In the step S2, the characteristic screening by adopting a Bootstrap self-development method comprises the following steps: firstly, aiming at a health group data set, setting the proportion of a sampling subset in the data set as r%, namely r% of samples are used for constructing a sampling sample set; secondly, setting sampling times and modes, namely executing s times of non-return sampling; then, calculating the correlation between each feature and the pilsner of the brain age, reserving the structural features (p < 0.05) with significant correlation as candidate features, and counting the frequency of the occurrence of the features in s times of sampling; and finally, setting the frequency of the feature extracted by the sampling subset to be t, namely, the feature screened t times in s times of sampling as the final feature of the model. The final size of the feature set is m × n, m is the number of samples, and n is the dimension of the structural feature of each sample. The features screened out can be generalized and more succinctly effective across different training subsets. The method specifically comprises the following substeps:
s2.1: setting the proportion of the sampling subset to the health group data set aiming at the health group data set;
s2.2: setting sampling times and sampling modes, namely, how many times of sampling with the return is executed;
s2.3: sampling according to the proportion set in S2.1 and the times and modes set in S2.2, calculating the correlation between the characteristics such as cortical thickness and cortical surface area and the pilsner of the brain age for the sampled subsets, reserving the structural characteristics with significant correlation as candidate characteristics, and counting the frequency of the characteristics in sampling;
s2.4: and setting the frequency value of the feature extracted from the sampling subset, and taking the screened feature as the final feature of the model according to the frequency value.

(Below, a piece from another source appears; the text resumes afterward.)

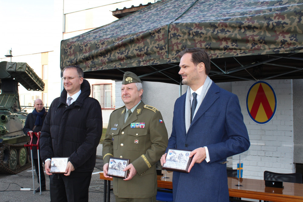 Náměstek Daniel Koštoval, generálmajor Jaromír Zůna a Kristian Wallin (zleva) obdrželi pamětní plakety.

In the step S3, the construction of the ridge regression brain age prediction model comprises the following steps: firstly, randomly dividing a health group data set into a training set and a testing set according to a ratio a to b; secondly, standardizing the characteristic data of the divided training set and test set, wherein the mean value of the standardized data is 0, and the standard deviation is 1; then, defining an alpha parameter value range (0.01, 0.1,1,3.. 60) of the ridge regression model, defining an evaluation index of cross validation as R2, and searching an optimal parameter in the value range by using k-fold cross validation; and finally, taking the optimal parameters as model parameters under 4 brain templates. The method specifically comprises the following substeps:
s3.1: randomly dividing a health group data set into a training set and a testing set according to a proportion;
s3.2: standardizing the characteristic data of the divided training set and test set, unifying the data from different sources under a reference system for convenient comparison, accelerating the convergence when the security program runs, and accelerating the convergence speed after most models are normalized;
s3.3: defining the value range of alpha parameters of the ridge regression model;
s3.4: defining the evaluation index of cross validation as R2, and searching an optimal parameter in the value range of alpha parameters of the ridge regression model by using k-fold cross validation, namely the parameter with the highest model accuracy;
s3.5: and taking the optimal parameters as model parameters under the brain template.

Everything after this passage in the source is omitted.